Johnson & Johnson
Who: One of the world’s largest multinational corporations, based in New Jersey, that specializes in healthcare and pharmaceutical products.
What: Johnson & Johnson is developing an adenovector vaccine, which introduces a piece of DNA from SARS-CoV-2 into the common cold-causing adenovirus that has been genetically changed so that it can’t replicate in the body.
Status: On September 23, Johnson & Johnson announced the launch of a phase three ENSEMBLE trial that will evaluate the safety of the vaccine—and how well it works—among up to 60,000 adults from a variety of countries.
Who: A Massachusetts-based biotech company, in collaboration with the National Institutes of Health.
What: This vaccine candidate relies on injecting snippets of a virus’s genetic material, in this case mRNA, into human cells.
Status: On July 27, Moderna announced it had started the third phase of its clinical trials, even as it continues to monitor phase two results.
Who: One of the world’s largest pharmaceutical companies, based in New York, in collaboration with German biotech company BioNTech.
What: Pfizer and BioNTech are also developing an mRNA vaccine based on the German company’s earlier efforts to use the technology in experimental cancer vaccines.
Status: On July 27, Pfizer and BioNTech launched a trial that combines phase two and three by enrolling a diverse population in areas with significant SARS-CoV-2 transmission. It has expanded the trial to include 44,000 people across multiple countries.
University of Oxford
Name: ChAdOx1 nCoV-19
Who: The U.K. university, in collaboration with the biopharmaceutical company AstraZeneca.
What: Oxford’s candidate is what’s known as a viral vector vaccine, essentially a “Trojan horse” presented to the immune system.
Status: Preliminary results from this candidate’s first two clinical trial phases revealed that the vaccine had triggered a strong immune response—including increased antibodies and responses from T-cells—with only minor side effects such as fatigue and headache. It is in phase three of clinical trials, aiming to recruit up to 50,000 volunteers in Brazil, the United Kingdom, the United States, and South Africa.
Who: A Chinese biopharmaceutical company, in collaboration with Brazilian research center Butantan.
What: CoronaVac is an inactivated vaccine, meaning it uses a non-infectious version of the coronavirus.
Status: On July 3, Brazil’s regulatory agency granted this vaccine candidate approval to move ahead to phase three, as it continues to monitor the results of the phase two clinical trials.
Who: China’s state-run pharmaceutical company, in collaboration with the Wuhan Institute of Biological Products.
What: Sinopharm is also using an inactivated SARS-CoV-2 vaccine that it hopes will reach the public by the end of 2020.

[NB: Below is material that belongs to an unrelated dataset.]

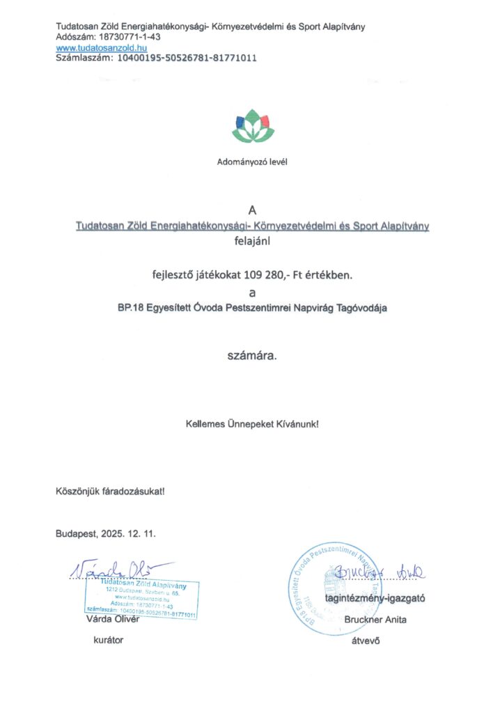 2025.12.11.-én a Budapest 18 Egyesített Óvoda Pestszentimrei Napvirág Tanovodája – részére adományoztunk mozgásfejlesztő játékokat, több mint 100.000Ft értékben.

Status: On August 22, China revealed that it began to inoculate medical workers and other high-risk groups with the Sinopharm trial vaccines in July, making it the first experimental vaccine available to civilians beyond clinical volunteers.
Murdoch Children’s Research Institute
Name: Bacillus Calmette-Guerin BRACE trial
Who: The largest child health research institute in Australia, in collaboration with the University of Melbourne.
What: Evidence has emerged over the years that this vaccine may boost the immune system and help the body fight off other diseases as well. Researchers are investigating whether these benefits may also extend to SARS-CoV-2, and this trial has reached phase three in Australia.
Status: In April, researchers from the Murdoch Children’s Research Institute began a series of randomized controlled trials that will test whether BCG might work on the coronavirus as well. They aim to recruit 10,000 healthcare workers in the study.
Who: A Chinese biopharmaceutical company.
What: CanSino has also developed a viral vector vaccine, using a weakened version of the adenovirus as a vehicle for introducing the SARS-CoV-2 spike protein to the body.
Status: Though the company was still technically in phase two of its trial, on June 25, CanSino became the first company to receive limited approval to use its vaccine in people.
The Gamaleya National Center of Epidemiology and Microbiology
Name: Sputnik V
Who: A Russian research institution, in partnership with the state-run Russian Direct Investment Fund.
What: Gamaleya has developed a viral vector vaccine that also uses a weakened version of the common cold-causing adenovirus to introduce the SARS-CoV-2 spike protein to the body. This vaccine uses two strains of adenovirus, and it requires a second injection after 21 days to boost the immune response.
Status: Despite the lack of published evidence, Russia has cleared the Sputnik V vaccine for widespread use and claimed it as the first registered COVID-19 vaccine on the market.